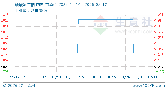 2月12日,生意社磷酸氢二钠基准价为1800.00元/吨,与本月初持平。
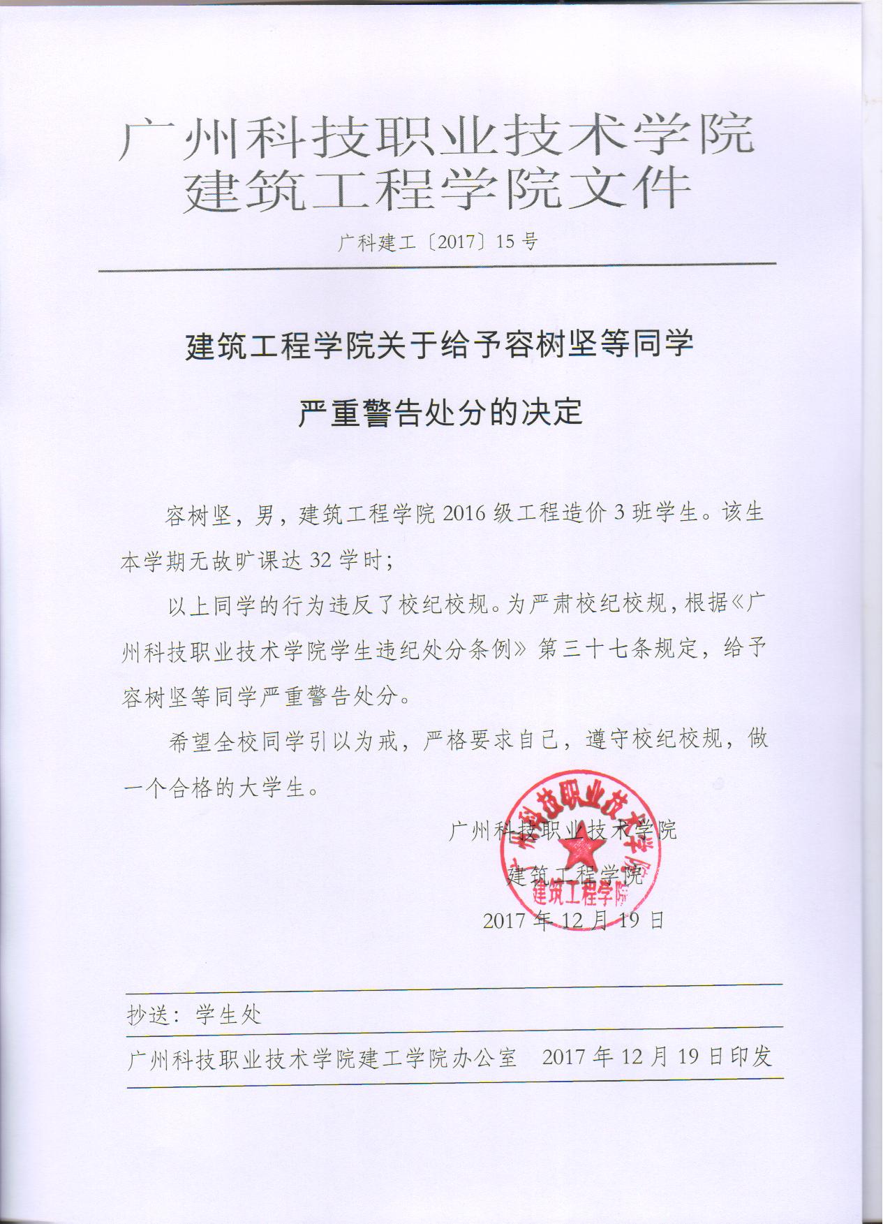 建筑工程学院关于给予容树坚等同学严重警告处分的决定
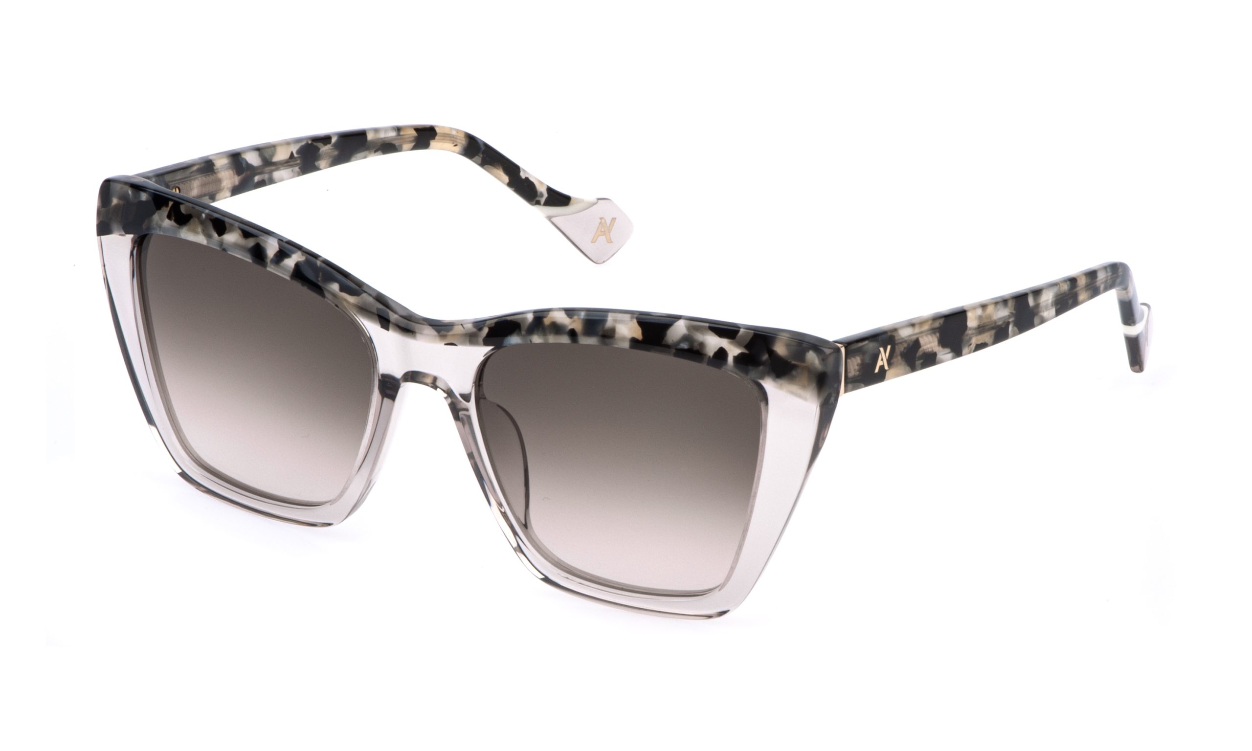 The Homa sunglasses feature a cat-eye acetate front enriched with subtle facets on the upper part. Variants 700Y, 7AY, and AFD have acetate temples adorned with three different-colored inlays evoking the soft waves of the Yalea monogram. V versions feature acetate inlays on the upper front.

* * * * * * * * *

**Exercise aim:** Copy the listing word for word, excluding its pictures.

**Expected answer:**
 2月12日,生意社磷酸氢二钠基准价为1800.00元/吨,与本月初持平。
 建筑工程学院关于给予容树坚等同学严重警告处分的决定
 The Homa sunglasses feature a cat-eye acetate front enriched with subtle facets on the upper part. Variants 700Y, 7AY, and AFD have acetate temples adorned with three different-colored inlays evoking the soft waves of the Yalea monogram. V versions feature acetate inlays on the upper front.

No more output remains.